The below figure plots the ratio of cumulative income to 2021 revenues in descending order. The ratios on the left are the most positive while the ones on the right are the most negative. Beginning with Moderna, six publicly traded Unicorn startups (Zoom, Etsy, Coinbase, Bumble) have positive cumulative income meaning the sums of their annual income since founding is greater than zero.
On the other side, there are 29 startups with ratios less than negative five, including 10 with a ratio of negative infinity. Negative infinity means they didn’t have revenues in 2021, a not uncommon fact among startups that went public using special purpose acquisition companies (SPACs). There are three biotech (Better Therapeutics, Iovance Biotherapeutics, Vicarious Surgical), two electric vertical and takeoff (Joby Aviation, Archer Aviation), and five electric vehicle or battery (Lordstown Motors, Nikola, Rivian, Canoo, Faraday Future) startups. Eight of the 10 startups with no revenues in 2021 still had no revenues in the first three quarters of 2022.

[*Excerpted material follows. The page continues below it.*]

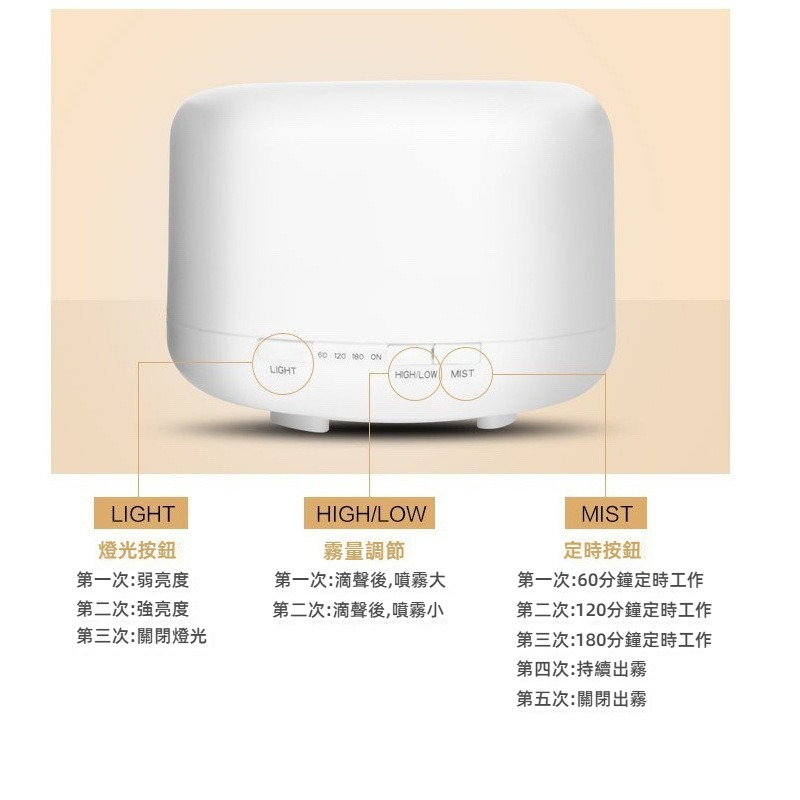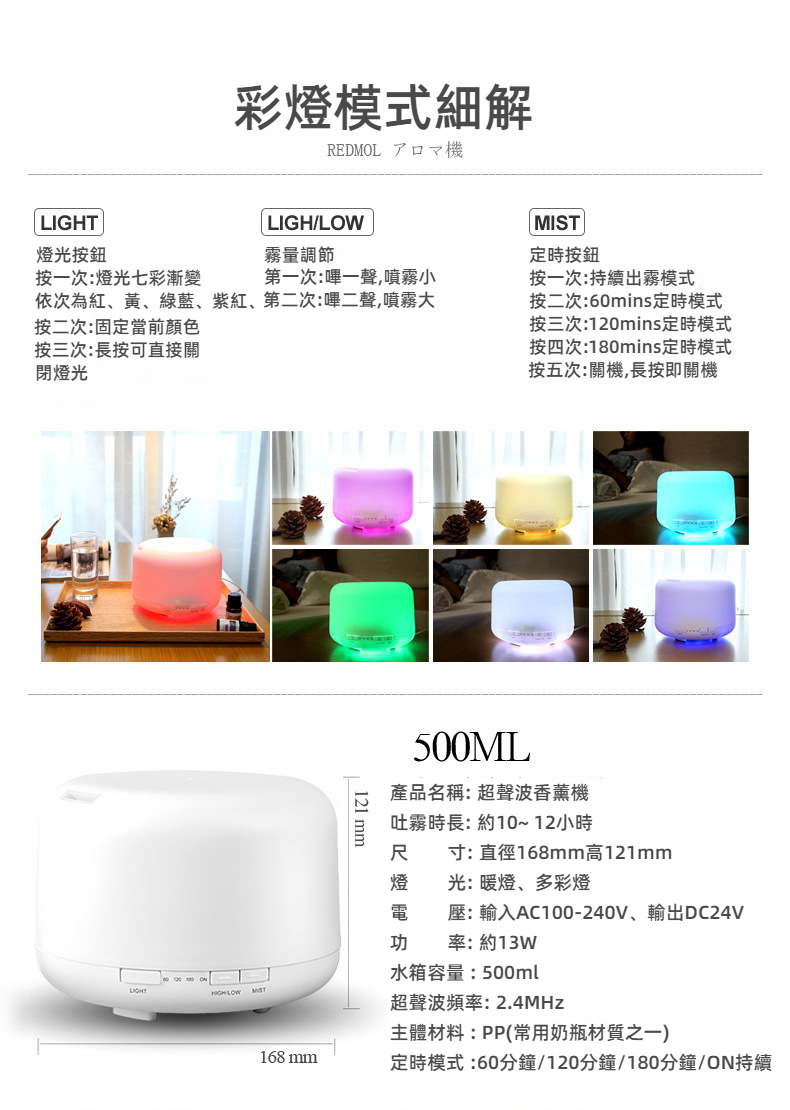 七彩燈香薰加濕器 500毫升超聲波定時擴香機 負離子靜音助眠

Conclusion on survivability
Assigning probabilities of success to these startups is obviously very difficult. All startups have zero revenues at some point in their lives so even the ones with low revenues in the figure may end up succeeding, just as Amazon did.
However, it would be a mistake to say that the exception proves the rule. Amazon was commercializing a great technology, e-commerce, one that has revolutionized the world of retailing. We don’t know yet if eVTOLs is a great technology and the same holds true with Tesla copycats and the bio-tech startups. As for other startups, ride sharing, food delivery, and even the current crop of business software cannot compare to e-commerce.
There is also the fact that the fraction of profitable startups fell in 2022. This suggests that there will be few changes towards profitability in the coming years. The startups with losses, particularly with big losses, will likely continue to have big losses.
Thus, most of the startups on the right side of the figure with big negative ratios are unlikely to survive. One exception is Airbnb who had big losses during the pandemic but who has become profitable in 2022.
Outside of Airbnb, however, it is difficult to be optimistic. The other startups with a ratio less than negative five likely have low chances of survival. Even those between negative two and negative five are questionable.
The best possibilities for survival are the startups with ratios of cumulative income to annual revenues that are less than negative one. The figure shows that only 40% of the startups have this high of ratio. These startups may succeed, but any increase in interest rates will reduce their chances of survival.
Even the startups with ratios of less than negative 0.5 are questionable because there is no positive trend towards profitability. Any increase in interest rates will raise the cost of servicing their debt and thus make it difficult for them to succeed. In conclusion, the only startups with very high chance of success are the top 30 in the figure, ones with ratios greater than negative 0.5.